From the first line of the entries below through the line holding "志愿者团队为传承非遗技艺,挖", write out every line exactly, please, and leave out the pictures.

Start of Block

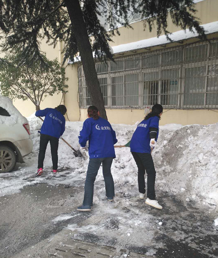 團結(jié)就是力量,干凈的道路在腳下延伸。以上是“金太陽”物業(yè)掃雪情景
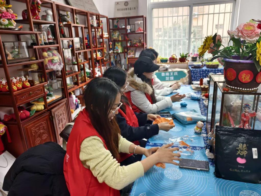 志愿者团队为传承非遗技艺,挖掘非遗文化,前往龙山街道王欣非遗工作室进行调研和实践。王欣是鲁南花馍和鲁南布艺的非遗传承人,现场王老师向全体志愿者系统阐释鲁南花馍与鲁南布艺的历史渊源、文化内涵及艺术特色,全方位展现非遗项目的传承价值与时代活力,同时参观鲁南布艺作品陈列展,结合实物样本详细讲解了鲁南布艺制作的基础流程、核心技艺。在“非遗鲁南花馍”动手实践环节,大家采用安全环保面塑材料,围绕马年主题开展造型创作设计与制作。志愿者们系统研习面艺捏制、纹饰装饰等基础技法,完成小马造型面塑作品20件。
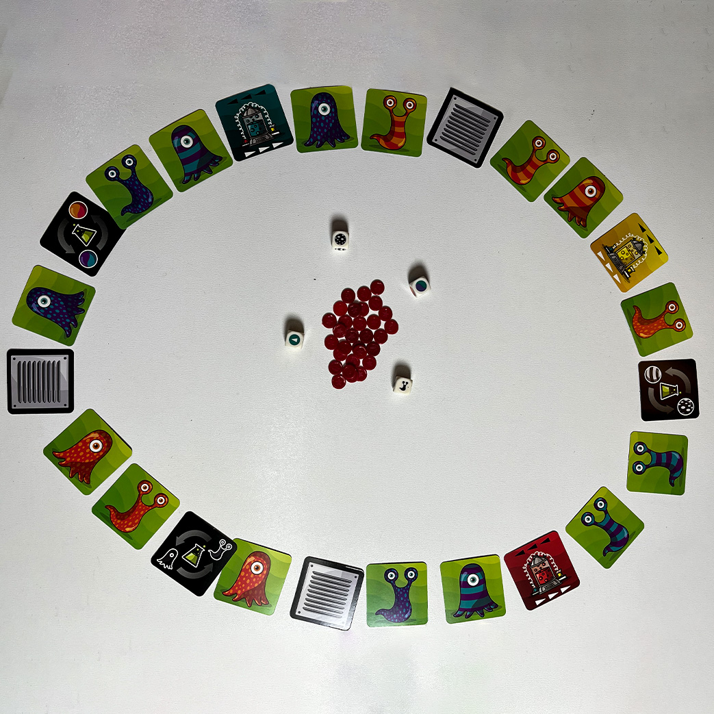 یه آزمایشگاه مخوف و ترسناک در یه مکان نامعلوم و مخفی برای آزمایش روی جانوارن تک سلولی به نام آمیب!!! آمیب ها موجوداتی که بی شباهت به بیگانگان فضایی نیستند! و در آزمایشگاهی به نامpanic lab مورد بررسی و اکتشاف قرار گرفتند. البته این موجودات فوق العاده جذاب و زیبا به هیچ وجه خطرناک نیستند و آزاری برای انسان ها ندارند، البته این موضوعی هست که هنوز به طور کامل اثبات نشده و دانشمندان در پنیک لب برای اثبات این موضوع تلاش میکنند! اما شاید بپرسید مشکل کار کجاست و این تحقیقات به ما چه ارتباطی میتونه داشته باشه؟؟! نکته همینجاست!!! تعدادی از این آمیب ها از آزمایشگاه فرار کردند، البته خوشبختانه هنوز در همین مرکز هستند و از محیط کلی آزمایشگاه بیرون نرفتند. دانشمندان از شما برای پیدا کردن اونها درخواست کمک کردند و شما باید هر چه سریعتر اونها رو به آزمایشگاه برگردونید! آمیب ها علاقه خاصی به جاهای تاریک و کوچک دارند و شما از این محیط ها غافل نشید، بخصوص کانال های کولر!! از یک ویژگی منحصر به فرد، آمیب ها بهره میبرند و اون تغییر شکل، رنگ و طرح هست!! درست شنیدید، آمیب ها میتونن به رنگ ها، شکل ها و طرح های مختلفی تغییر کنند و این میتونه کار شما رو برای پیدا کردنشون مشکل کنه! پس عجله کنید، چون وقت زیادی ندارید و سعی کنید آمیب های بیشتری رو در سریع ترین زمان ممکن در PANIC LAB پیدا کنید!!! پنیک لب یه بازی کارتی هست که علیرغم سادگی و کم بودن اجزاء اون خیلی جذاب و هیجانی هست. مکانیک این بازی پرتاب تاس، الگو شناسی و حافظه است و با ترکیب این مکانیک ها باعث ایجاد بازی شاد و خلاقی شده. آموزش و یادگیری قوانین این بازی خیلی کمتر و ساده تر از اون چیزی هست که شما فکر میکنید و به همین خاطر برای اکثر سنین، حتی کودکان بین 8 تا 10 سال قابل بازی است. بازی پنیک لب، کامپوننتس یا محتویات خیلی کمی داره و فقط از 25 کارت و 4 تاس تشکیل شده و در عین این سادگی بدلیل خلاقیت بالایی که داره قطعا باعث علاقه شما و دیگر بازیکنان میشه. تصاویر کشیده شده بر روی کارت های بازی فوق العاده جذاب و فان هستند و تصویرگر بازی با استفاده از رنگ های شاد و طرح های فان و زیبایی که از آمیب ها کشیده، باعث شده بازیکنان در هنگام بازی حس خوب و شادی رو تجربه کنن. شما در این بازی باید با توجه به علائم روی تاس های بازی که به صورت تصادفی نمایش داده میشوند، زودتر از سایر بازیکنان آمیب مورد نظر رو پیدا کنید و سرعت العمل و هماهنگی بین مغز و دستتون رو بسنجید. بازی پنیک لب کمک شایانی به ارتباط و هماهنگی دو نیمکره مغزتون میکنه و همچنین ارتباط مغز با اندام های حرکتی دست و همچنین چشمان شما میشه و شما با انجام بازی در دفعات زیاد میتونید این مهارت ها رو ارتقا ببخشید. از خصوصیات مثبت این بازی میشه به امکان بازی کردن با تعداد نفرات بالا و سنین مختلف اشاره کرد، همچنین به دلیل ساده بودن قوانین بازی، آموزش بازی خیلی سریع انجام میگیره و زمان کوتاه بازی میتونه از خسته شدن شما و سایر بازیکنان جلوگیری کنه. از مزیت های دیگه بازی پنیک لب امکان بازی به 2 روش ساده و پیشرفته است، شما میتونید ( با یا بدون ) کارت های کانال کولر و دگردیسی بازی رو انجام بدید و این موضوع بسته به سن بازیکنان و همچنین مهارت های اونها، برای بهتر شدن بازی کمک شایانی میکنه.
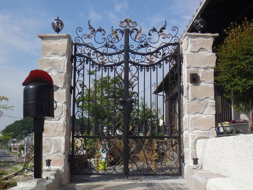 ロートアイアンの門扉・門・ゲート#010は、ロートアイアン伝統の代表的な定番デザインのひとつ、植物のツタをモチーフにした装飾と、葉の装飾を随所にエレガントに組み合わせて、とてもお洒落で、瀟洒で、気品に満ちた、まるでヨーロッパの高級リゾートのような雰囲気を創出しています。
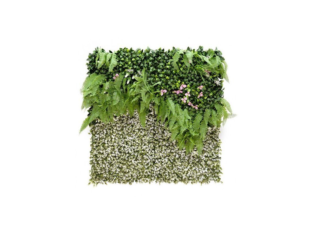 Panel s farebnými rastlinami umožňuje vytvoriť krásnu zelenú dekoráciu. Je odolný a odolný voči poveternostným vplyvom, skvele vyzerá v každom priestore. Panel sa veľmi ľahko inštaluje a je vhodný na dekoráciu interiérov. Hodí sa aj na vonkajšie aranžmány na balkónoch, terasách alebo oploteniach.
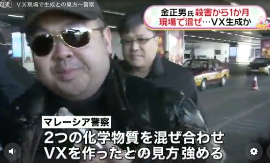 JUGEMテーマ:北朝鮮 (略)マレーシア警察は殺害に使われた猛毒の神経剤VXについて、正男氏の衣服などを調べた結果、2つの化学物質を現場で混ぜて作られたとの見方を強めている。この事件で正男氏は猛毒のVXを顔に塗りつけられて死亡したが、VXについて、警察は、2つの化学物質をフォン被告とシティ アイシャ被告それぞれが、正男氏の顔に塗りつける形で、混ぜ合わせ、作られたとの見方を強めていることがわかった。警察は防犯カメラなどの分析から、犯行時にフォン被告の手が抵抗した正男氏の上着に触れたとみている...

End of Block

## RESPONSE TO THE TASK
 團結(jié)就是力量,干凈的道路在腳下延伸。以上是“金太陽”物業(yè)掃雪情景
 志愿者团队为传承非遗技艺,挖掘非遗文化,前往龙山街道王欣非遗工作室进行调研和实践。王欣是鲁南花馍和鲁南布艺的非遗传承人,现场王老师向全体志愿者系统阐释鲁南花馍与鲁南布艺的历史渊源、文化内涵及艺术特色,全方位展现非遗项目的传承价值与时代活力,同时参观鲁南布艺作品陈列展,结合实物样本详细讲解了鲁南布艺制作的基础流程、核心技艺。在“非遗鲁南花馍”动手实践环节,大家采用安全环保面塑材料,围绕马年主题开展造型创作设计与制作。志愿者们系统研习面艺捏制、纹饰装饰等基础技法,完成小马造型面塑作品20件。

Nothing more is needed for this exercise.